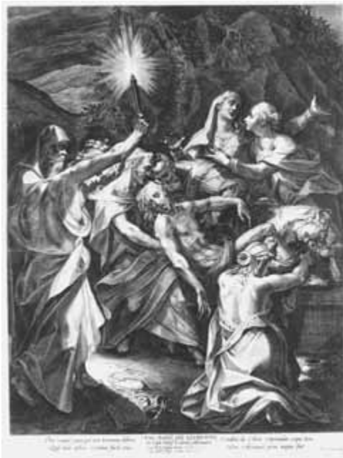
1. Aegidius Sadeler nach Joseph Heintz d. Ä., Grablegung Jesu, 1593

Es ist wohl wichtig, daß sich die Lichtquelle bei Caravaggio immer außerhalb des Bildes befindet. Es kommen aber andere Kriterien
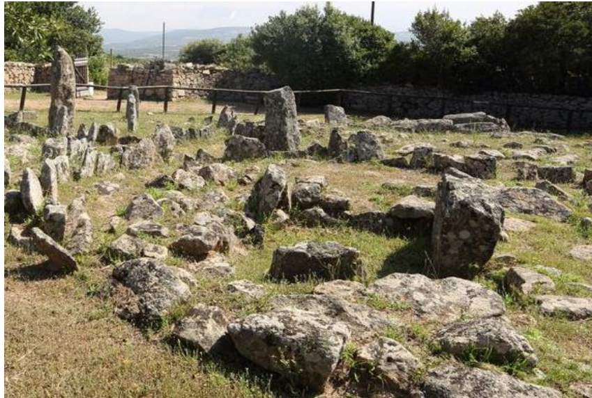
Fig. 2 - Arzachena, Necrópolis de Li Muri, cista lítica del círculo 4.

Antiguamente estaba dentro de un anillo de losas de granito clavadas verticalmente en el terreno, un peristalito de doble paramento, y sellada por un túmulo del que sólo ha sobrevivido la base de piedras.

**Action item**
Leave every image out, and retype the material exactly.

**Output of the task**
1. Aegidius Sadeler nach Joseph Heintz d. Ä., Grablegung Jesu, 1593

Es ist wohl wichtig, daß sich die Lichtquelle bei Caravaggio immer außerhalb des Bildes befindet. Es kommen aber andere Kriterien
Fig. 2 - Arzachena, Necrópolis de Li Muri, cista lítica del círculo 4.

Antiguamente estaba dentro de un anillo de losas de granito clavadas verticalmente en el terreno, un peristalito de doble paramento, y sellada por un túmulo del que sólo ha sobrevivido la base de piedras.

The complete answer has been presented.